At high temperatures, sulfur combines with iron to form the brown-black iron (II) sulfide: Fe (s) + S (I) - --> FeS (s) In one experiment, 7.62 g of Fe are allowed to react with 8.67 g of S. a. What is the limiting reagent, and what is the reactant in excess? b.

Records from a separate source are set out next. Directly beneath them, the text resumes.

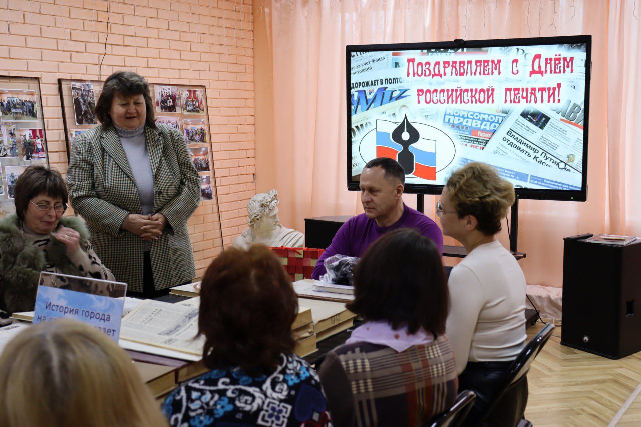 13 января в Ясиноватском музее прошёл «круглый стол» ко Дню российской печати. Мероприятие началось презентацией выставки периодических изданий прошлых лет «История города на страницах газет». На мероприятии присутствовали ВРИП главы администрации города А. М. Пеняев, начальник отдела культуры администрации Л. И. Ищенко, и.о. главного редактора газеты "Ясиноватский вестник ДНР" Н. А. Сайниди, работники музея и библиотек, представители общественности. Александр Михайлович рассказал об информационной важности органов печати для жизни города, основных важных направлениях деятельности администрации, поздравил Нелли Андреевну Сайниди с профессиональным праздником.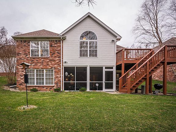 Click virtual tour button in photo option: Immaculate 3000+ square feet of living space backing up to private wooded area. Five bedrooms & 4 full baths. Hardwood foyer leads into open floor plan with vaulted ceilings, living and dining room area & views of sun room through arched doorways with 2 sided gas fireplace. Upgraded kitchen with custom honey maple glazed cabinetry, hardwood floors and bayed eating area. Front 1st floor bedroom could make great home office & is next to full bath for convenience. Master bedroom with sitting area and private bath complete with dual vanities, soaking tub, separate shower and walk in closet. 2nd floor private suite for guests with full bath. Lower level has 2 large bedrooms, full bath and great family room with built ins. Patio Doors lead outba to private screened porch, plus large grilling area off side of porch.This level would be perfect for in-law suite, or separate living area for other family members. The rear views are amazing with plenty of room for entertaining out back.Other features include upper deck off family room for sunning or grilling out. Convenient 1st floor laundry room.New roof, central vac, new driveway, extra insulation, irrigation system and the list goes on and on.View pictures and schedule your showing today
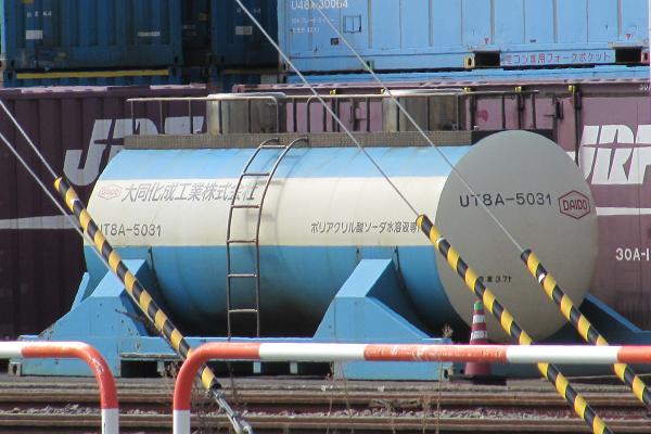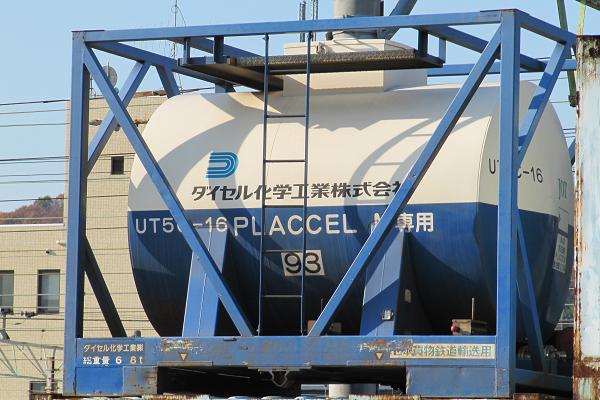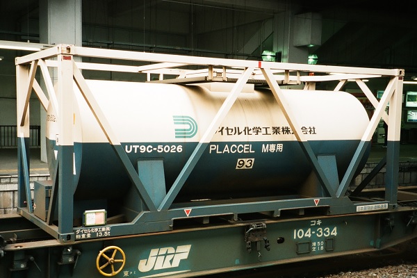 有者】 日本陸運産業株式会社 【借受者】 ダイセル化学工業株式会社 【輸送品目】 PLACCEL M専用 【運用区間】 大竹〜小名浜 【その他】 小名浜駅の着荷主は大日ケミカル(株)であった。同社は (株)ダイ セルのグループ会社で、オリゴマー製品、アクリル樹脂、ポリエステル樹脂などの製造及び販売を 行う。本社は、いわき市常磐下船尾町杭出作23-11である。 2012.7.21作成 2022.9.11写真差替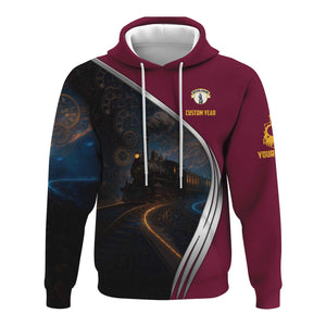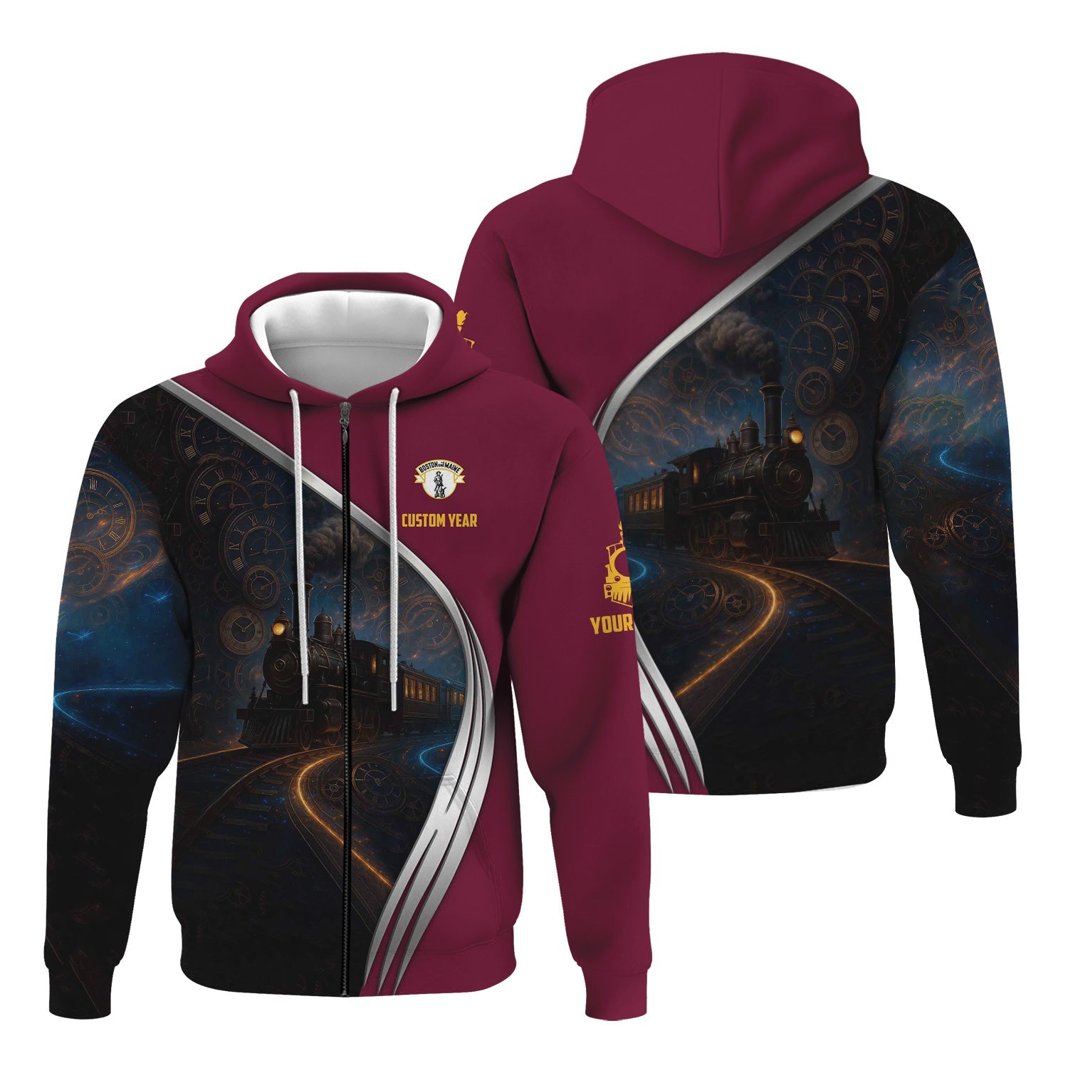 Railspirit Personalized Boston and Maine Railroad Hoodie Steampunk Locomotive with Custom Year Train Zip Up Hoodie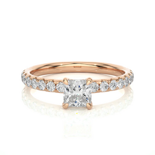 1.50 Ct Princess Cut Moissanite Engagement Ring with Accents in Rose Gold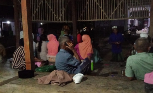 Sekitar pukul 20.30 WIB, warga dan keluarga korban bergotong royong memadamkan api dengan alat seadanya.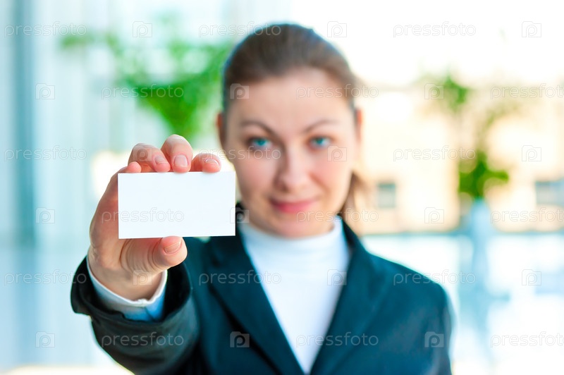 Улыбающийся менеджер держит пустую визитную карточку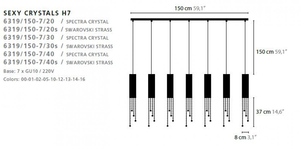 - Base: 7 x GU10 / 220V / MAX. 50W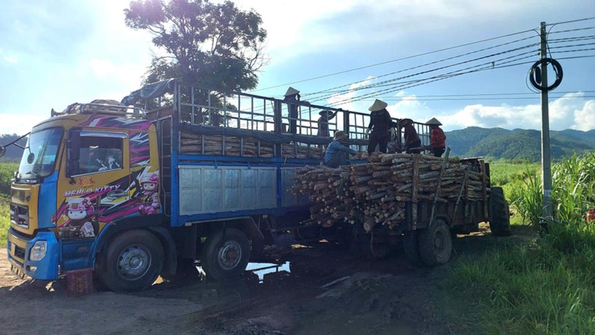 Người dân đang vào cao điểm khai thác gỗ keo.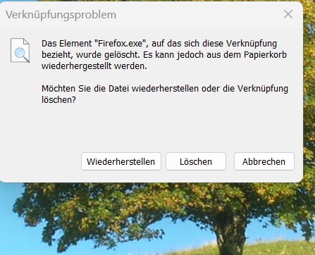 Dieser vermeintlich kausale Zusammenhang kann so nicht stimmen. Es mag ja sein, dass aus welchen Gründen auch immer die Verknüpfung kaputt ist. Aber dass es sich um eine exe-Datei handelt, kann nicht die Begründung sein, wieso Firefox nicht funktioniert. Wie gesagt ist genau das ja normal. Zeige bitte die Meldung im originalen Wortlaut, am besten per Screenshot.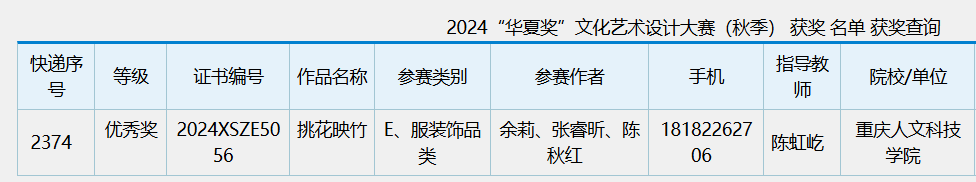 2024年11月25日,“华夏奖”文化艺术设计大赛(秋季)落幕,我院学生余莉、陈秋红、张睿昕的作品《挑花映竹》获优秀奖。该赛事旨在融合艺术设计与科技创新,推动文化艺术繁荣,吸引了全国高校广泛参与。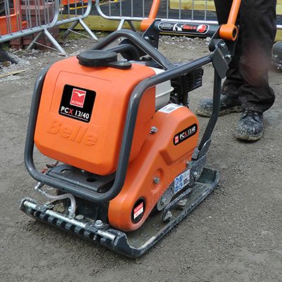 400mm Petrol Vibrating Plate Compactor Hire. This 400mm Petrol Vibrating Plate Compactor sets the industry standards for low vibration coupled with a high compaction rate. The compactor has a fold-able mounted guide handle offers superior manoeuvrability and can be lowered to operate under obstacles and close to form work. Using a 400mm Petrol Vibrating Plate Compactor indoors or in confined spaces could cause fatal carbon monoxide poisoning. If using the machine internally make sure a full assessment has been carried out and suitable ventilation is in place. A fume extractor is recommended for all internal use. Also known as: Plate Compactor - Vib Plate - Vibrating Plate - Wacker Plate and Whacker Plate. Based On: Belle PCX 13/40 400mm Petrol Vibrating Plate Compactor Plate Size W x L: 400 x 606mm Weight: 81kg Centrifugal Force: 13kN Travel Speed: 20m/min Vibration Level: 3.2 / 4.53m/sec²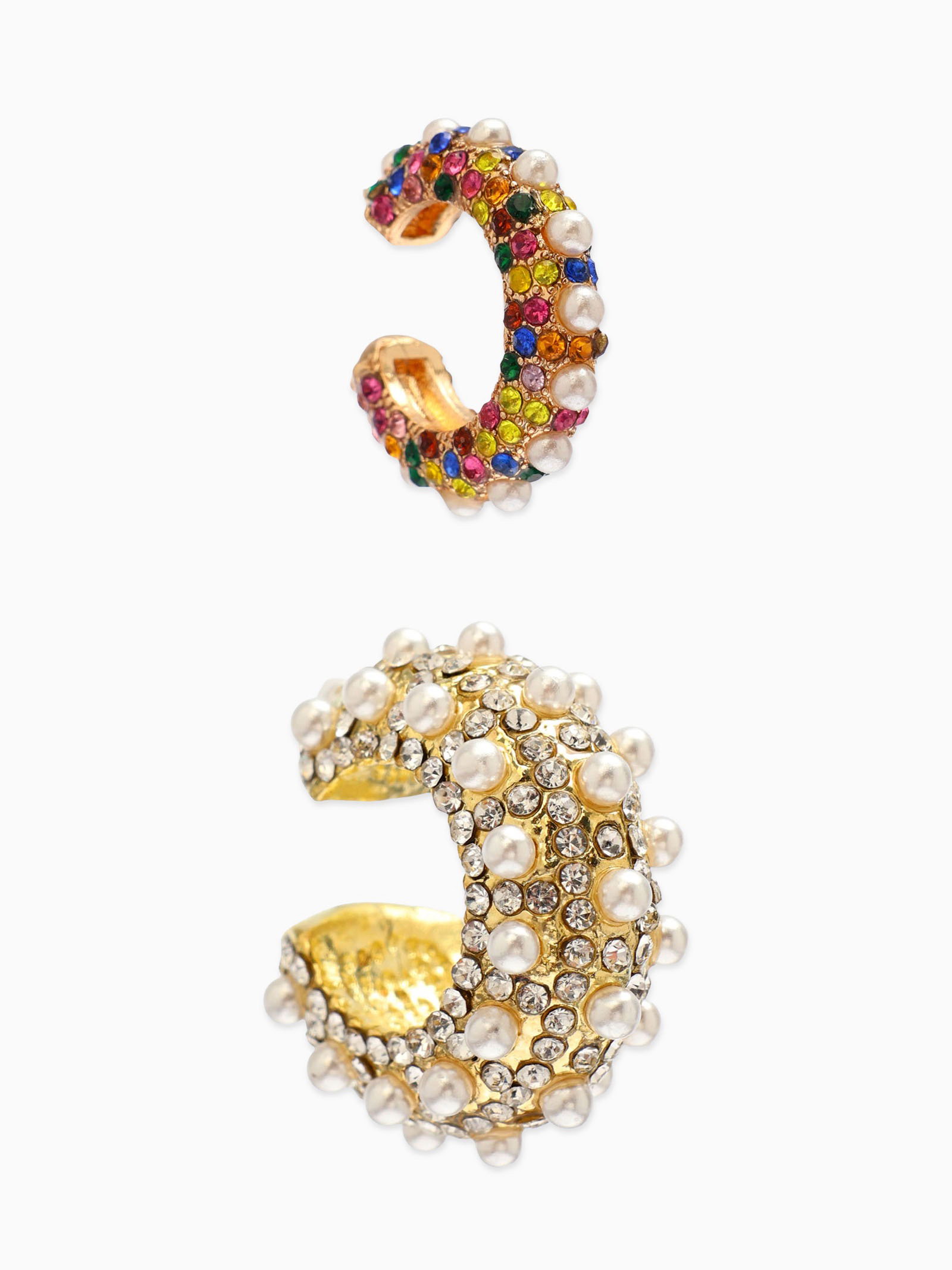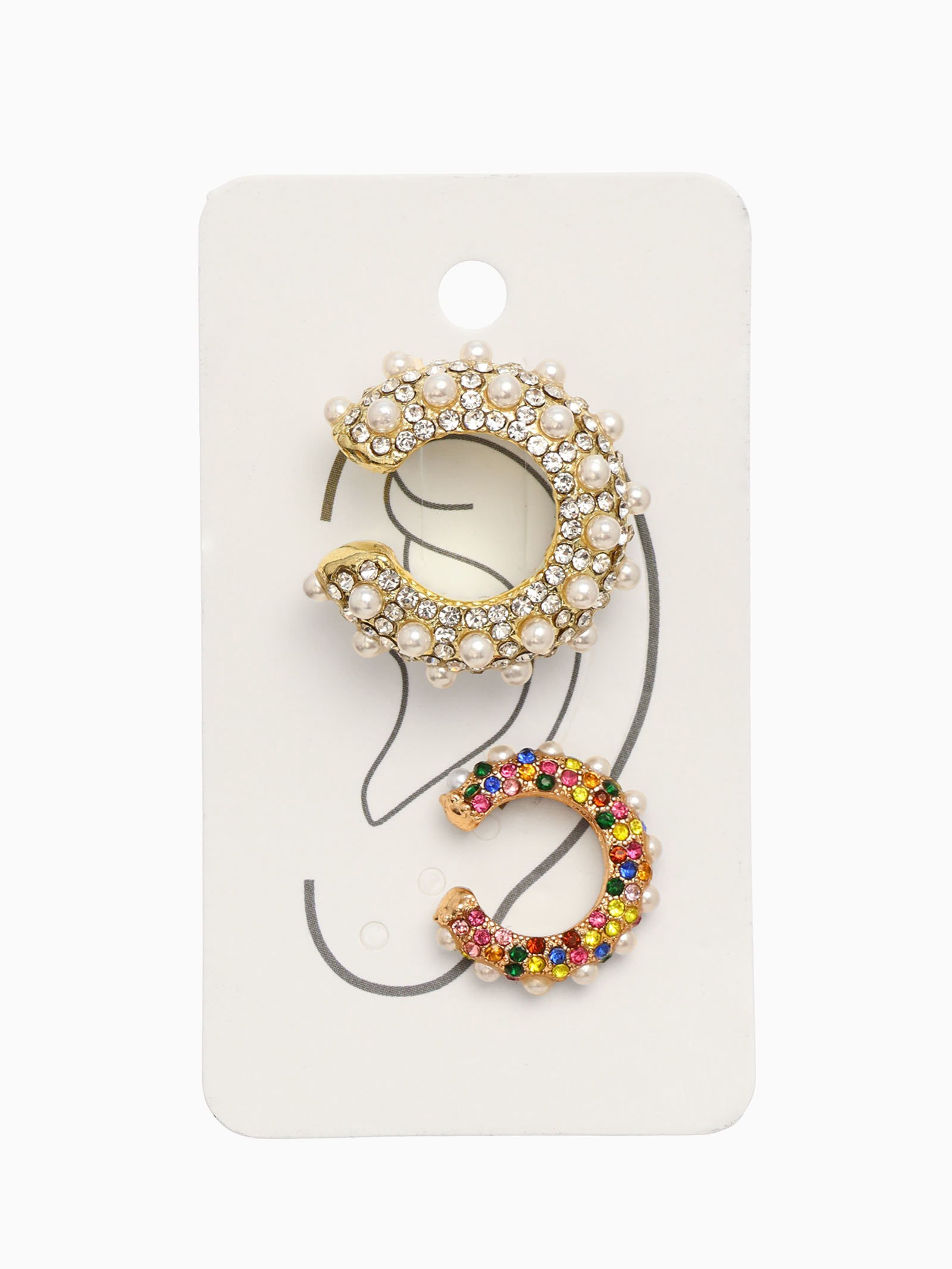 Серьги кафф "Бублики", набор 2 шт. цветные, 3.5x3.5x1.5 см., QF, Китай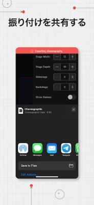 Choreographicは、あなたの創造性を最大限に引き出し、チーム全体で共有することを可能にします。ダンサーが振付の意図を深く理解できるよう、各フォーメーションに詳細なメモを追加する機能を搭載。これにより、複雑な表現も迷うことなく、全員がビジョンを共有できます。完成した振付は、あらゆるメッセージングアプリを通じて簡単に共有可能。「Choreographic Pro」の有無に関わらず、すべてのダンサーや振付師仲間と、あなたの傑作を瞬時に分かち合えます。Choreographicは、あなたのダンスパフォーマンスを次のレベルへと引き上げ、無限の可能性を解き放つための強力なパートナーです。Pro版では、さらに踏み込んだ機能で、あなたの創造性をどこまでも広げます。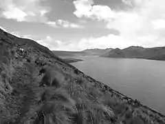 صورة بالأبيض والأسود لبحيرة في جبال الأنديز

Calculate the mass of FeS formed.

- S, is the reactant in excess

- Fe is the limiting reactant

- Mass of FeS formed: 12 g

Explanation:

This is the reaction:

Fe (s) + S (l) → FeS

Ratio in this reaction is 1:1

We have 7.62 g of Fe, and 8.67 g of S.

Let's convert to moles:

Mass / Molar mass = moles

Molar mass Fe = 55.8 g/m

Molar mass S = 32 g/m

Moles Fe : 7.62g / 55.8 g/m = 0.136 moles

Moles S: 8.67 g / 32 g/m = 0.271 moles

If we have 0.136 moles of Fe, we need 0.136 moles of S and we have 0.271. S, is the reactant in excess.

For 0.271 moles of S, we need the same amount of Fe and we only have 0.136, so Fe is the limiting reactant.

Ratio between Fe and FeS is also 1:1 so 0.136 moles of Fe generates 0.136 moles of FeS

Molar mass FeS =

Moles - molar mass = mass

87.9 g/m. 0.136m = 12 g